In 1963, Cowdrey studied the dissemination and reception of Augustine of Hippo's theology. In 1966–1968, he published three articles on Milan in order to illuminate the background to the Patarene movement and the Gregorian reform. In 1970, he published his first book—The Cluniacs and the Gregorian Reform—and an article on the Peace and Truce of God, which remains "the most reliable and most persuasive discussion of the Peace and Truce in English". He argued that there was a connection between the earlier Peace and Truce movements and the later Crusades. He also published a paper that year arguing that from the start the purpose of the First Crusade was the liberation of Jerusalem. This was a refutation of the thesis of Carl Erdmann that the goal of the crusade at the start was the defence of the Byzantine Empire and the eastern church.

The latter paper made Cowdrey an important crusades scholar. In the summer of 1977, he lectured in Israeli universities and visited crusader sites. Much of his later work on the Crusades was collected in The Crusades and Latin Monasticism in the Eleventh and Twelfth Centuries (1999). In 1972, he published his second book, The Epistolae Vagantes of Pope Gregory VII, an edited and translated collection of the unregistered letters of Gregory VII that Erdmann had been intending to do before his death. In 2002, he published The Register of Pope Gregory VII, 1073–1085, an English translation of Gregory's registered letters, the first since Ephraim Emerton's appeared in 1932.
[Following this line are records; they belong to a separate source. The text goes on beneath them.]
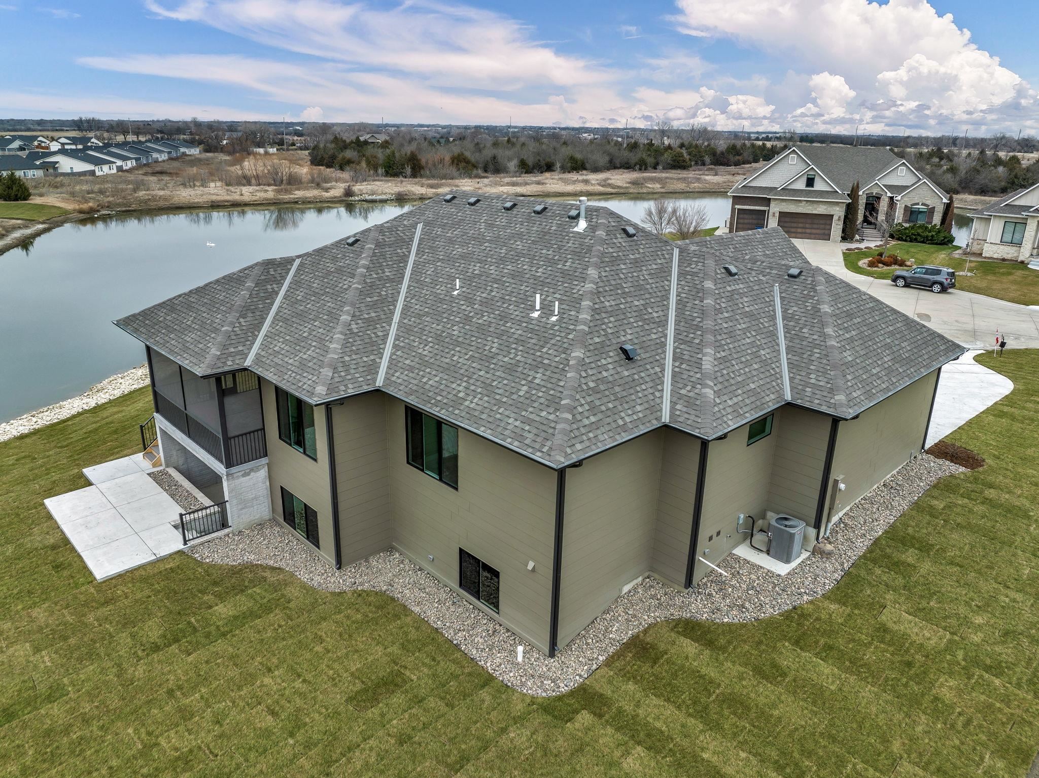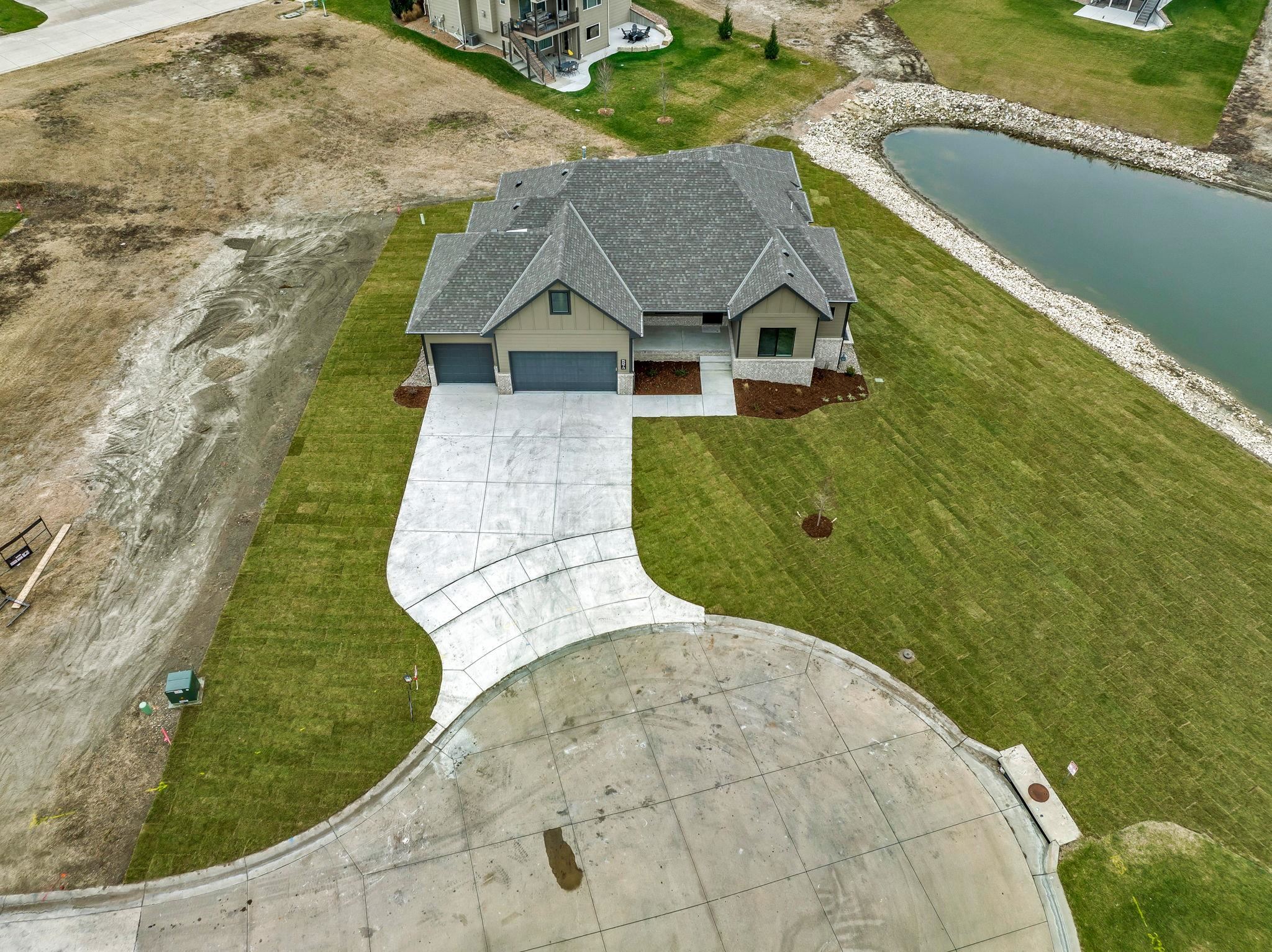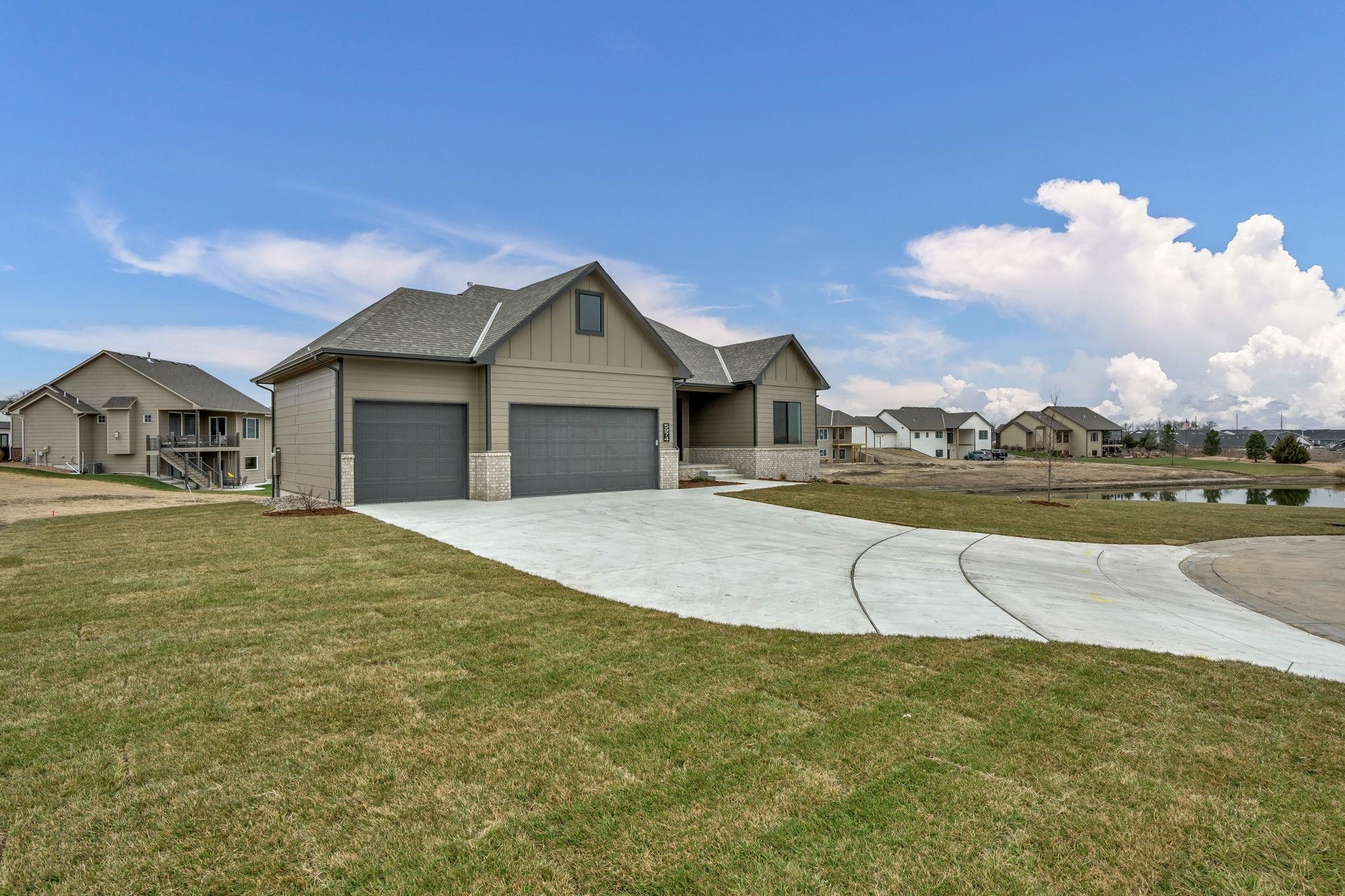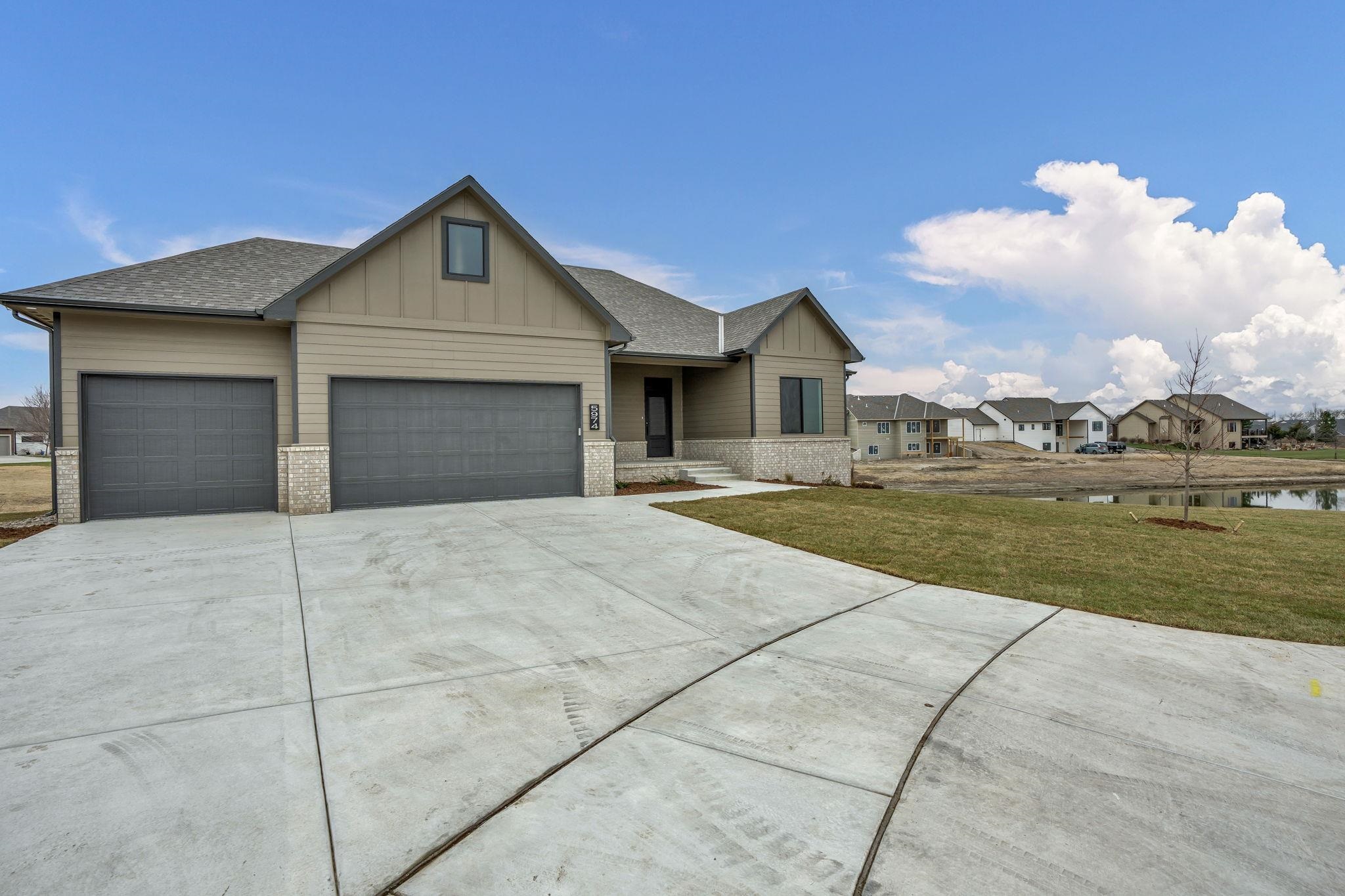 - Description: Luxury waterfront living with a small town feel! Nestled in a quite neighborhood in Bel Aire sits this modern masterpiece built by H&H Homebuilders. Upon entering this home you will be immediately captivated by the -truly- grand foyer with 11" box ceilings! Immediately to the right of this split floorplan you will find two bedrooms with generously sized closets and the guest bathroom. When entering into the living room you will be blown away by the modern tile feature wall with built in windows which highlight the view of one of the communities stocked ponds! The living room is not only spacious, but it is also cozy with a modern electric fireplace and custom mantel! This home is an entertainers dream starting in your chef's kitchen with an oversized island, gas range, custom exterior vented rangehood, and walk in panty. Off the dining room you will find direct access to your screened in and covered concrete deck which allows for the perfect flow for indoor and outdoor entertaining! Enter into your owner's suite, where the modern design continues, with a decorative feature wall. The owner's suite is as beautiful as it is functional with the luxury of a double vanity, large linen cabinet, and a zero-entry custom tile shower with a built-in niche and bench! You will also fall in love with the spacious master closet with a built-in dresser and custom shelving including off season & long hanging space. Did we mention how well thought out and convenient this floor plan truly is? The laundry room located directly off the master bath and directly across from the drop zone making this plan exceptional for both form and function. The unfinished walk-out basement allows for you to grow at your own pace and customized the space to your liking and it is already plumed for a wet bar! The basement also includes a safe room! Added perks: A whole home humidifier! (sprinkler, sod, and landscaping coming soon!) Show all description
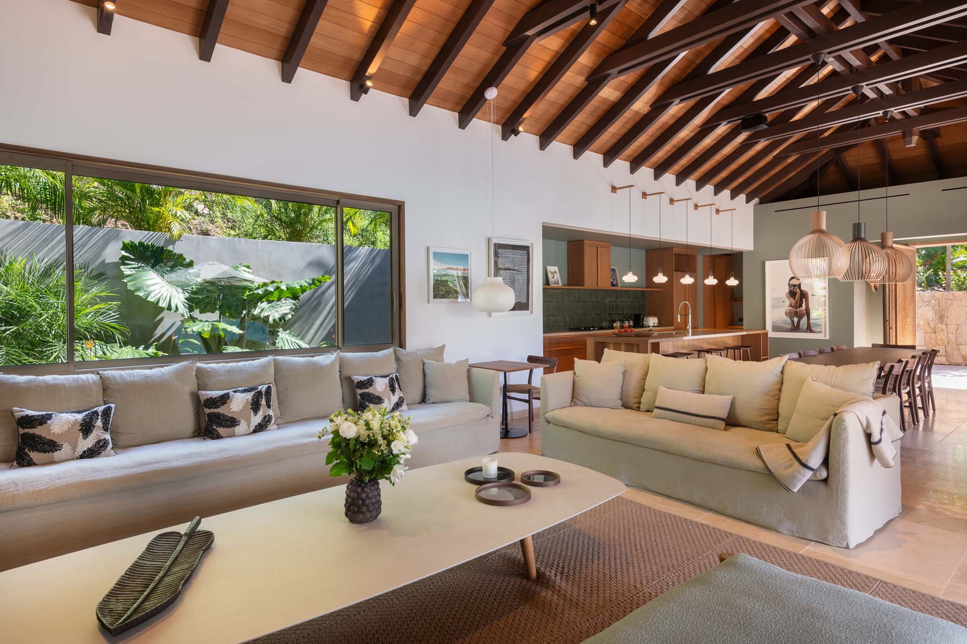 Conçue pour accueillir jusqu’à dix hôtes, cette villa d’architecte offre cinq suites privées, une somptueuse piscine à débordement, une salle de sport indépendante et un accès privilégié à une plage confidentielle en contrebas.
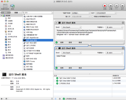 首先打開系統里的 「Automator」 ,新建一個服務,然后將兩個 shell 腳本拖到流程圖里并輸入代碼。
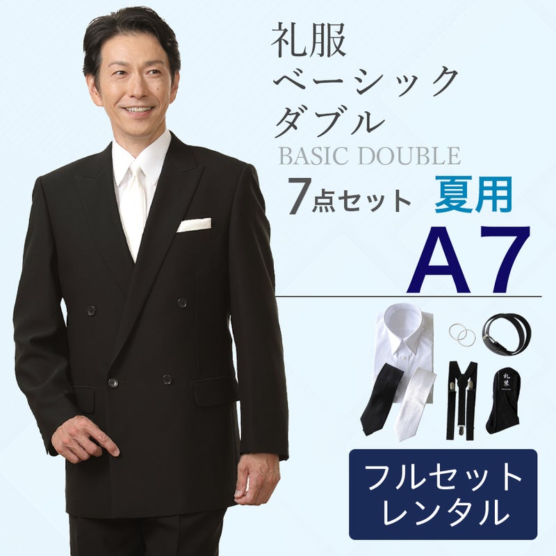 6. 【A7サイズ】メンズ 夏用ウール混素材使用ベーシックダブル7点セット 喪服・礼服・フォーマルレンタル
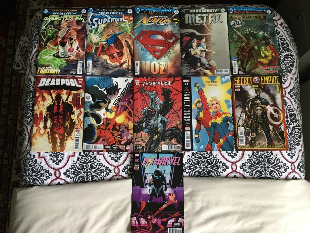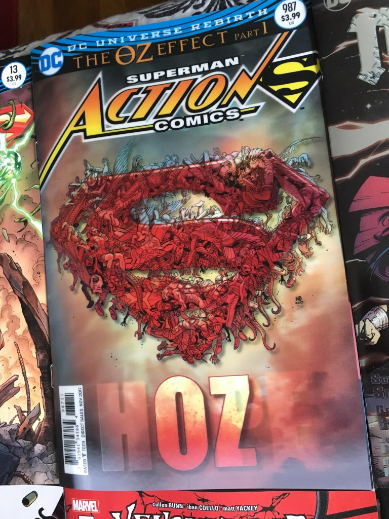 The New Gods were dying, part 1 of the Oz Effect, Metal issues, Carol’s Generations issue, the ending to Secret Empire (they started having Alpha and Omega issues to start and cap events respectively, hence the last issue of the main event was before this and this issue is here), Steve just had a horrible time, and Kamala has continuing stressors. Oh and the lenticular cover for The Oz Effect.
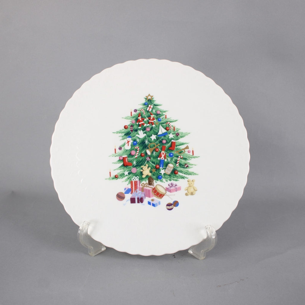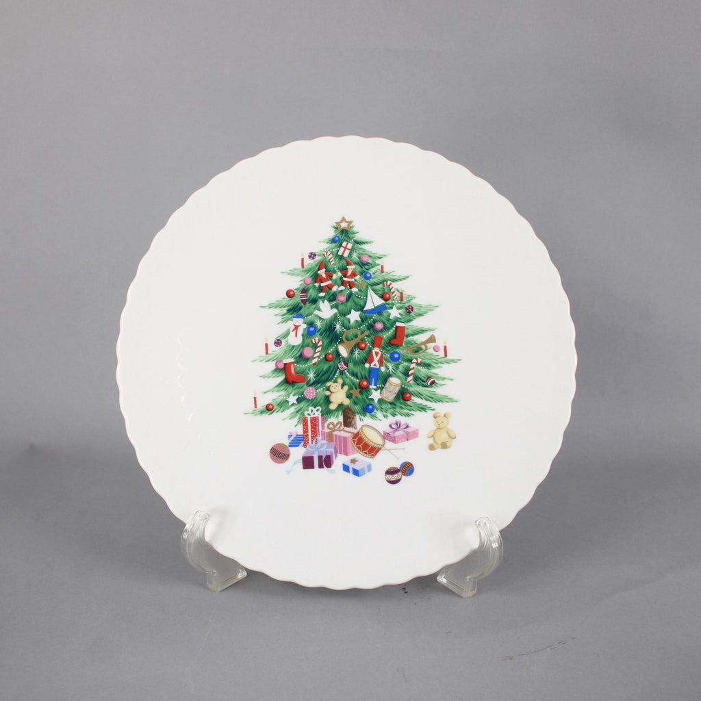Mikasa Cake Plate And Server Set Christmas Spirit White Multi Colored Bone China
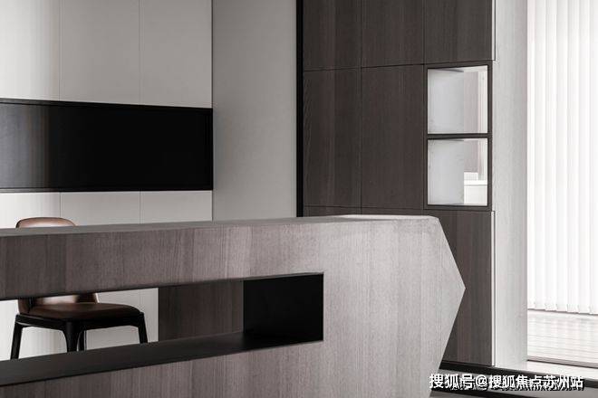 苏州爱情溪岸售楼处电话☎:400-8828-814(售楼处预约看房热线)餐边柜整体设计与客厅背景墙相呼应,采用黑白配色,大气又简约,将冰箱、蒸烤箱、茶水台纳入这个空间,功能齐全、塑造整体感的同时又增加了足够的收纳空间.
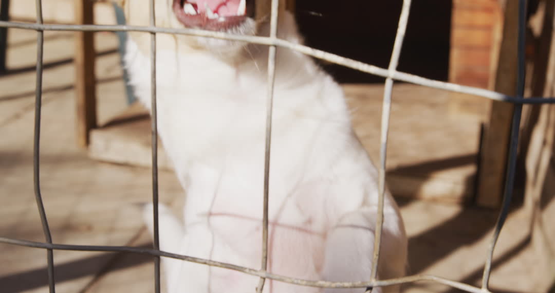 The video shows a white dog standing up against the fence of an animal shelter, barking energetically under the sunlight. Its expressions and wagging tail express a need for attention and a hopeful spirit. The photograph effectively highlights themes related to animal rescue and shelter stories, capturing the innocence and distinct character of an abandoned dog. This heartwarming scene can be used for campaigns promoting animal welfare, shelter donations or for educational content about pet adoption.

In 1983, The Age of Abbot Desiderius: Montecassino, the Papacy, and the Normans in the Eleventh and Early Twelfth Centuries, a preliminary to Cowdrey's projected book on Gregory VII, appeared. The projected book, Pope Gregory VII, 1073–1085, appeared in 1998 and was considered an instant masterpiece. His last book, Lanfranc: Scholar, Monk, and Archbishop, was published in 2003. It is a study of Lanfranc of Canterbury, an Italian monk from Normandy, that seeks to show that he understood England and the needs of the English church.

Cowdrey married Judith Watson Davis, a musician, in 1959. They had two daughters and a son. Judith died in 2004. Late in life, Cowdrey was diagnosed with Parkinson's disease. He died on 4 December 2009.